Jan. 23 (Bloomberg) -- Consumer confidence was little changed last week at a one-month low as Americans confronted having to pay holiday bills.
The Bloomberg Consumer Comfort Index held at minus 31 for the period ended Jan. 19. A drop in the buying-climate gauge that sent it to a two-month low was offset by rebounding attitudes on the current state of the economy.
An improving job market has yet to trigger the bigger gains in wages that will help sustain consumer spending after what may prove to have been its strongest quarter in three years. Stocks hovering close to record highs and rising home values are also helping buoy those at the upper end of the income scale.
“American households are growing confident in the durability of the recovery and the labor market, which will likely support sentiment despite the traditional post-holiday credit hangover,” said Joseph Brusuelas, a senior economist at Bloomberg LP in New York. “The key to sustained improvement will be an increase in hiring that results in rising salaries, which is something that has been lacking.”
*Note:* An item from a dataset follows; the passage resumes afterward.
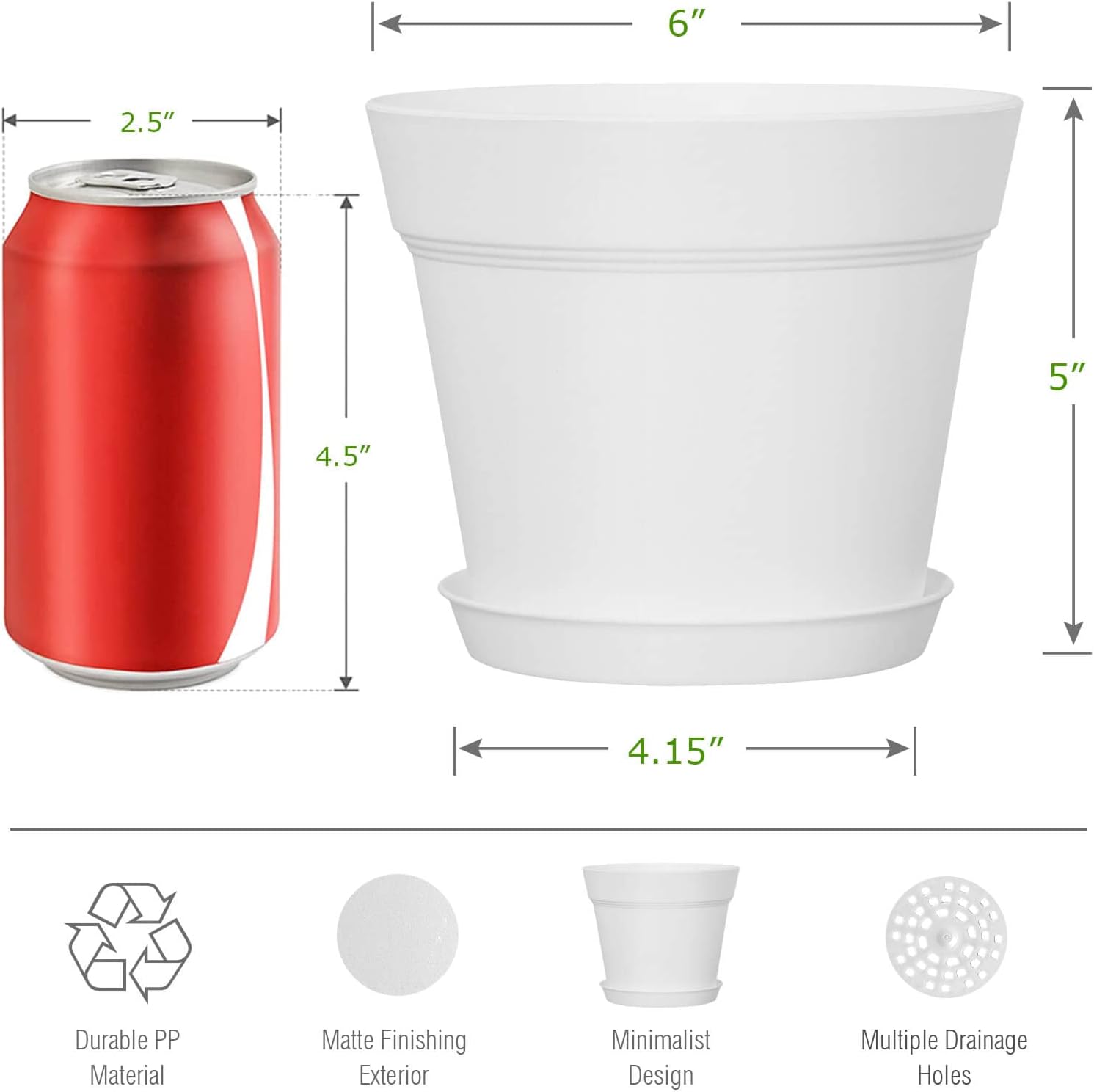 WOUSIWER 16 Pack 6 inch Plastic Planters for Indoor Flower Pots, Heavy Duty and Stylish 6 Inch Plant Pots for Indoor Plants with Drainage Holes and Tray for Plants, Flowers, White

Another report today showed applications for unemployment benefits held near a six-week low, showing firings remain muted following the holidays. Jobless claims rose by 1,000 to 326,000 in the period ended Jan. 18, according to Labor Department data. The prior week’s 325,000 were the fewest since late November.
Stocks slumped as a report showed manufacturing in China unexpectedly contracted in January. The Standard & Poor’s 500 Index dropped 0.8 percent to 1,829.75 at 9:40 a.m. in New York.
Americans’ view of current economic conditions improved to minus 58.1 from a one-month low of minus 60.1 a week prior, today’s survey data showed. The gauge measuring consumers’ views on their personal finances was little changed at 1.8 from 2. The measure has been positive since late November.
The buying-climate index declined to minus 36.7, its lowest since November, from minus 34.9.
Rising property values may help sustain consumer sentiment. The S&P/Case-Shiller index of home prices in 20 U.S. cities climbed 13.6 percent in October from a year earlier, the biggest year-over-year gain since February 2006, according to a Dec. 31 report from the group.
Retail sales increased 0.2 percent in December after a 0.4 percent advance the month prior, Commerce Department figures showed last week. Excluding auto dealers, the 0.7 percent gain was the biggest in almost a year.
Auto sales grew 7.6 percent to 15.6 million in 2013, the industry’s strongest year since 2007.
“As long as the economy stays on track, we continue to see this modest recovery, housing continues to move forward, unemployment continues to improve, consumer confidence stays strong,” providing support for growth over the next one to three years, Craig T. Monaghan, president and chief executive officer of Duluth, Georgia-based auto retailer Asbury Auto Group, said at a Jan. 15 conference.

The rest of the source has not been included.